◆ Aim of the task ◆
Only certain lines below are wanted: those starting at the line containing "The others were" and ending at the line containing "8人のメンバーさんと以前に参", both included, each retyped exactly.

◆ Records for this task ◆
--

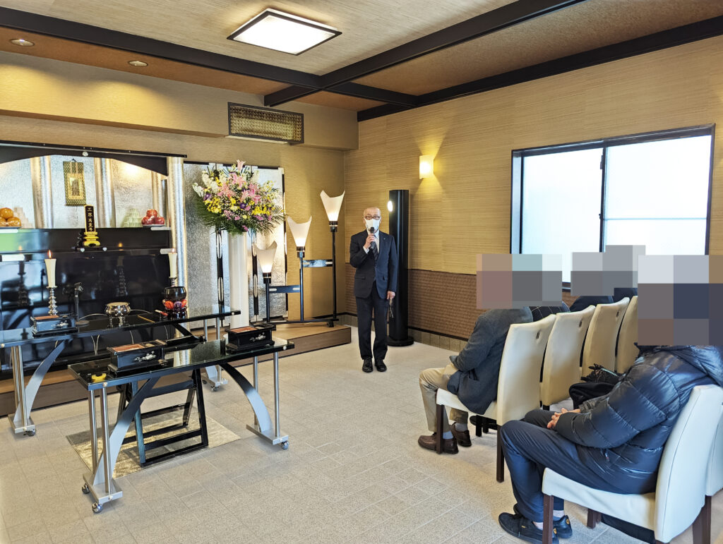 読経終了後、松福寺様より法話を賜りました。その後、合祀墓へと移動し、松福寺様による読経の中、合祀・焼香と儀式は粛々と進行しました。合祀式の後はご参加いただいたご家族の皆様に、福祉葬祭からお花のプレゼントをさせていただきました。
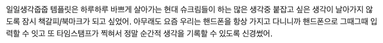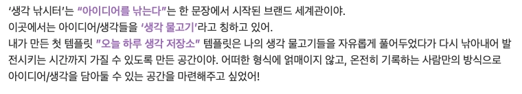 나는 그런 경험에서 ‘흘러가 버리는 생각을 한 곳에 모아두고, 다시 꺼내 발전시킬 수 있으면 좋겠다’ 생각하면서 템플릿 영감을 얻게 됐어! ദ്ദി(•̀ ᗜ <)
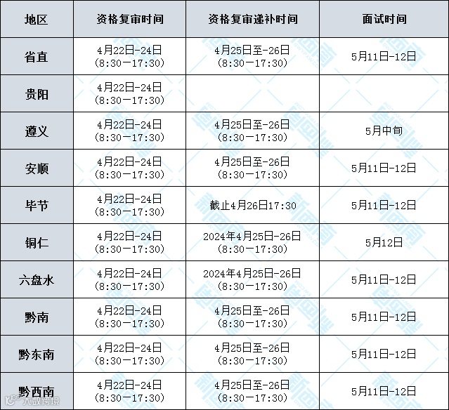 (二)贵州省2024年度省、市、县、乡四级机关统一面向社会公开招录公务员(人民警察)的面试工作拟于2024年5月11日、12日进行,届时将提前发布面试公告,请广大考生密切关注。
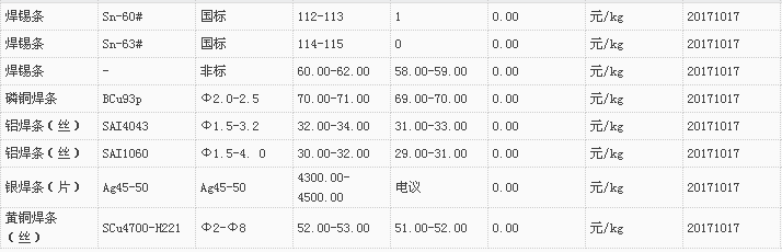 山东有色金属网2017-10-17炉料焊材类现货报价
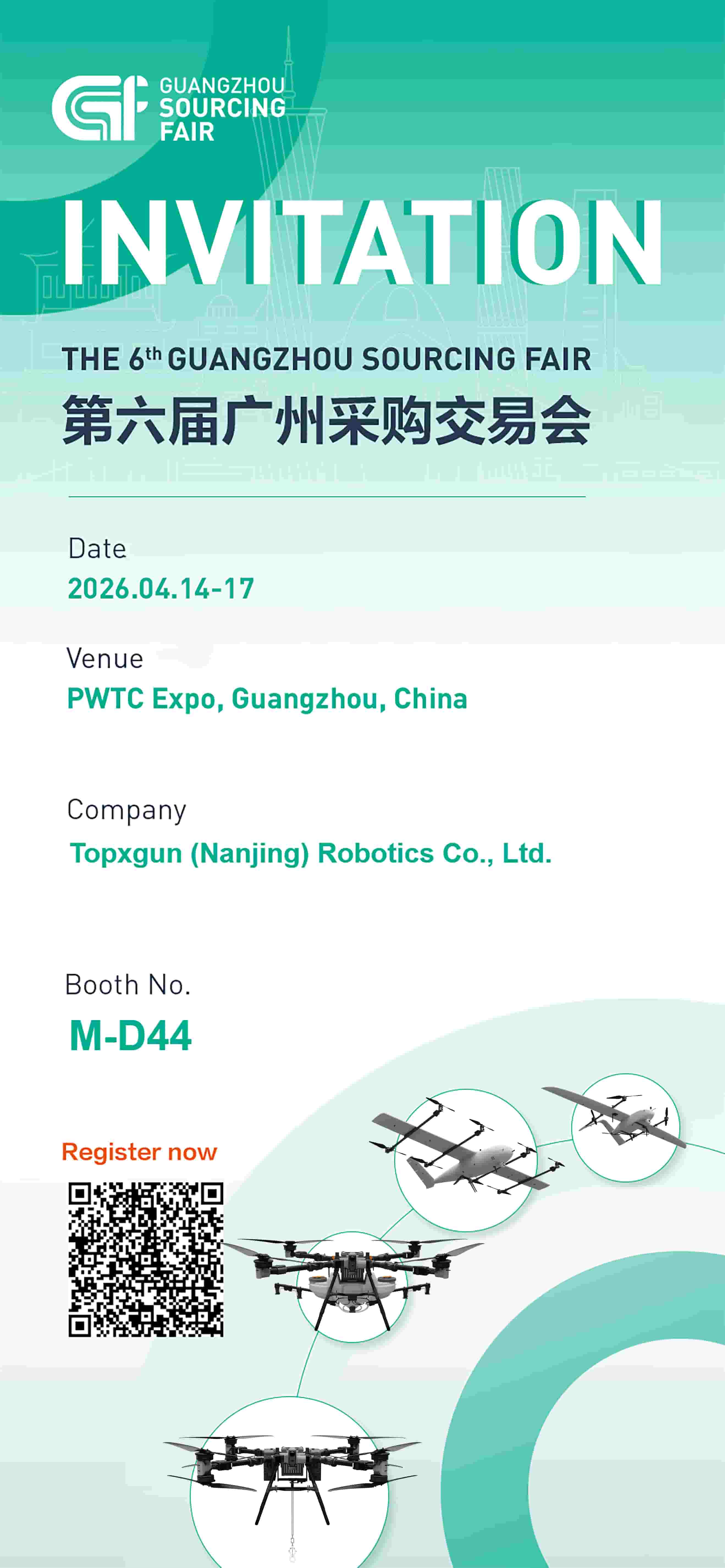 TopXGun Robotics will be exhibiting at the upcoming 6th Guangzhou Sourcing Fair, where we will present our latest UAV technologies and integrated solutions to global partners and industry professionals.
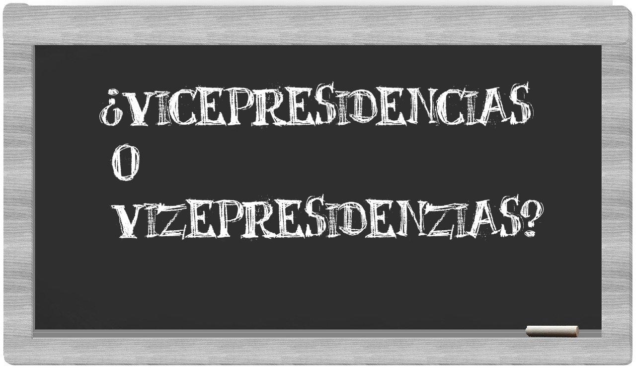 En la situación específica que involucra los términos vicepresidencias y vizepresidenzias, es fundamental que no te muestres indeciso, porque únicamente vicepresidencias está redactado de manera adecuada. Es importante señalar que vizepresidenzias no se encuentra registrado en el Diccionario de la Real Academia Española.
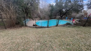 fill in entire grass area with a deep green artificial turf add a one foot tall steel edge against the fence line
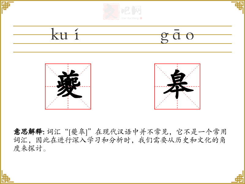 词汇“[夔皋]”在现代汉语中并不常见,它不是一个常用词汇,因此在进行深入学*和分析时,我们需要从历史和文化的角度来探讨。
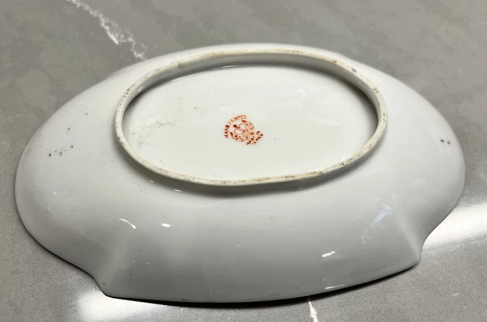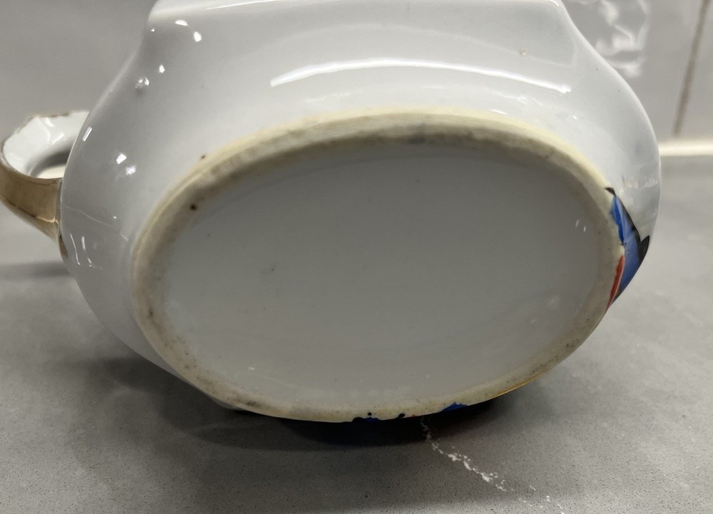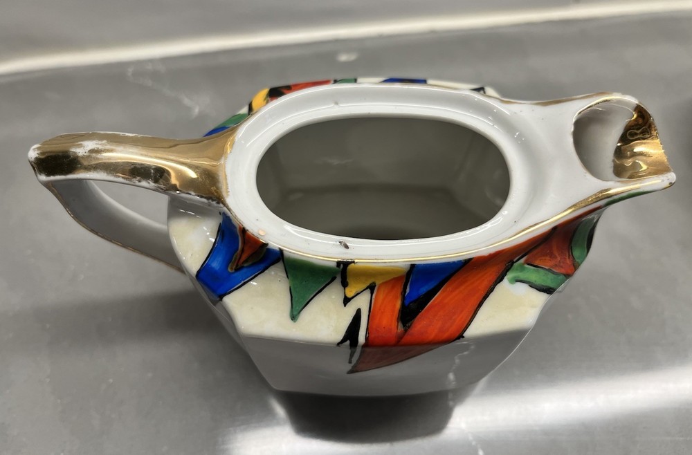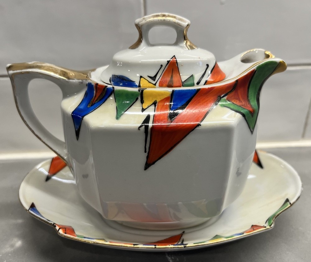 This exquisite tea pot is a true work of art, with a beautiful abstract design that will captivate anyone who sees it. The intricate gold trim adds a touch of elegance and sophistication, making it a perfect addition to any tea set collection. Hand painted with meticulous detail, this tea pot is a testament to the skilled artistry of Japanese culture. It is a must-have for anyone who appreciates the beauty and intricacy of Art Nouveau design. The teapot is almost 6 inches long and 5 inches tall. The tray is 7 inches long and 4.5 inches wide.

--

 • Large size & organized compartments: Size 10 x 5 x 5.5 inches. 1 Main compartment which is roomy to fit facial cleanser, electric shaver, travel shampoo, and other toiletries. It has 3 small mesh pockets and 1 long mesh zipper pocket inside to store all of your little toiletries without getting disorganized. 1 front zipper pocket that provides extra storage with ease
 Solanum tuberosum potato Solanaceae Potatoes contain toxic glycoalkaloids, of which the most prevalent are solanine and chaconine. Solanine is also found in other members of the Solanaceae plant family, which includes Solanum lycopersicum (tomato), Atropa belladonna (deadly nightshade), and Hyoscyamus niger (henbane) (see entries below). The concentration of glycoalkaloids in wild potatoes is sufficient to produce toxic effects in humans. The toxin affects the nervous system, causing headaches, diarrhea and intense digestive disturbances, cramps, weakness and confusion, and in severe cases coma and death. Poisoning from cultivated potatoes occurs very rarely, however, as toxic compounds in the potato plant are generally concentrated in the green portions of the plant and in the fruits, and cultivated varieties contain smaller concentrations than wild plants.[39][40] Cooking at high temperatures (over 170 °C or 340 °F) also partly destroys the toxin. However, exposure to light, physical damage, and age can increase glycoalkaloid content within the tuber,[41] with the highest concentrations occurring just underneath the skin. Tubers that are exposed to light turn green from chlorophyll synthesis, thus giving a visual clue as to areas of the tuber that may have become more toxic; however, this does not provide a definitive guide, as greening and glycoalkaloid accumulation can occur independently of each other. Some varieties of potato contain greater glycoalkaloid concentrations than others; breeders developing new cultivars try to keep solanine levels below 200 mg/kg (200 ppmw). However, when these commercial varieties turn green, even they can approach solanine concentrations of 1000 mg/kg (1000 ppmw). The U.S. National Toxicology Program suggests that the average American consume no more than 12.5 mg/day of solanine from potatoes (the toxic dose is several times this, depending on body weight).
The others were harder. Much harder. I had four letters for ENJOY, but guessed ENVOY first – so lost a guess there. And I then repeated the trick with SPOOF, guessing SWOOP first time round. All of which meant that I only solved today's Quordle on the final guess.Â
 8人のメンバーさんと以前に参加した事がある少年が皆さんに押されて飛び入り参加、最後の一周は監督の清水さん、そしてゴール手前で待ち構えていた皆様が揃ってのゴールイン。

--

◆ Answer box ◆
The others were harder. Much harder. I had four letters for ENJOY, but guessed ENVOY first – so lost a guess there. And I then repeated the trick with SPOOF, guessing SWOOP first time round. All of which meant that I only solved today's Quordle on the final guess.Â
 8人のメンバーさんと以前に参加した事がある少年が皆さんに押されて飛び入り参加、最後の一周は監督の清水さん、そしてゴール手前で待ち構えていた皆様が揃ってのゴールイン。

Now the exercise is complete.